Remember to show respect at all of the temples by having your shoulders and knees covered. I’d cringe every time I saw women in tiny shorts and tank tops walking right by sights that asked them to cover up. Please don’t be that tourist – see tips at end of this article if you are unsure of dress etiquette.
With its affordable living, fantastic food and great culture Chiang Mai has become a welcome place for many digital nomads to call home. More and more co-working spaces are opening up, which can be wonderful places to meet other nomads.
What’s your experience of Chiang Mai?
BIO – Andrea Jordan puts her business in her backpack and house sits as she travels and volunteers in animal shelters along the way. A free-spirited business strategist, writer and photographer, she helps ideas people free up their time so they can run their business with less stress, by organising and systemising their work. More at https://www.learndiscoverbefree.com
Cultural Considerations When in Thailand
(Courtesy of Scoot In-flight Magazine)
The Royal Family – The Thai Royal Family is revered and there can be no worse “faux pas” than to joke about any Royal Family member. Be respectful at all times and you’ll be fine, but it has been known for some to end up in jail for “uncivil remarks”. Common sense prevails on this one!
Temples – Ladies should always cover cleavage and shoulders, and wear trousers or skirts that cover the knees. Women should NEVER touch or hand anything directly to a monk.
Dress – It’s a little ironic that one of the countries with the most beautiful beaches and long hot days, is also very conservative when it comes to dressing. The predominantly Muslim population in the south can be easily offended by travelers and tourists wandering into shops and restaurants scantily clad, or worse still, in beach wear.
Haggling and Bargaining – Totally expected, but in a “softly-softly” manner. Smile, ask for the best price and don’t ever be aggressive.
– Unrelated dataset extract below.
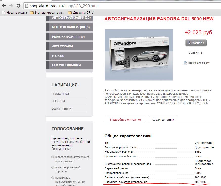 Машина CR-V 2.4. Сигнализация "DXL 5000 new". RF-модуль - на лобовом около зеркала ЗВ антенной вниз. Меня не устраивает Дальность "Брелок-машина". (На работе машина стоит за 1000 м, почти прямая видимость, с GSM там тоже проблемы. Не могу завести дистанционно со второго этажа! :-( . Раньше на другой машине был Старлайн за 4950 р - заводил без проблем!) Проводил замер дальности в идеальных условиях - летом за городом на полевой дороге, в прямой видимости (абсолютно никаких помех и преград): "DXL 5000 new" - дальность всего 800 м (срабатывание 1 раз из 10). Там же сразу сравнивал со Старлайном, у которого заявлена дальность 800 м - реально ВЫШЛО 2 км!!! В официальном интернет магазине АТ (http://shop.alarmtrade.ru/shop/UID_290.html) у "DXL 5000 new" указана "Дальность действия (управление) - 300-1500 м." Вложение 1026 Я "грешил" на брелок, так как, кроме малой дальности он еще и "жрал" батарейки. Щелочных Дюрасел хватало на 1 месяц. (на Старлайне мне хватало на 4 месяца! при хорошей дальности). Брелок мне, в общем, (в представительстве без особых проблем) поменяли, но уговаривали, что 800 м - это уже "круто" и говорили, что ни ОДИН производитель не указывает дальность, чтобы не было лишних претензий! :-[ (В Пандоре в инструкции, действительно, нет конкретных дальностей "туда-сюда", но есть "Дальность связи с процессорным блоком свыше 1800 м в зоне видимости", а у Старлайна в инструкции есть конкретные честные цифры "и туда и оттуда", которые на практике оказываются даже значительно лучше) и предупреждали, что лучше не станет. И действительно, лучше не стало! :-( Вопросы: Как у кого с дальностью "DXL 5000 new"? Кто-нибудь замерял дальность в идеальных условиях? Какие результаты? Пробовать менять еще RF-модуль? Или АТ врет про "Дальность действия (управление) - 300-1500 м."? Или 800 м это предел для "навороченной" дорогой сигнализации? :-( |

Keep calm and don’t lose your temper.
The Head – is considered the most sacred part of the body, so avoid touching a Thai person’s head and don’t ruffle the hair of a little kid.
Smile – Thailand is “the land of smiles” and it’s an important part of the culture and greeting. So when you meet a Thai person, smile, be calm, never lose your cool and accept what you are offered with grace. If you don’t like something, carefully decline … while smiling!
Kissing in public – public displays of affection are a big no-no all over Thailand.
Feet – For Buddhists, the feet are seen as the lowest part of the body, both literally and figuratively. Never point your feed at a Thai person, monk or statue of Buddha. Sit with feet under your knees, or sit cross-legged.
Shoes – Remove your shoes whenever entering an indoor space. Resorts may be an exception, but always take off your shoes when entering a temple or a Thai person’s home. Remember this too when staying in Thai run Airbnbs.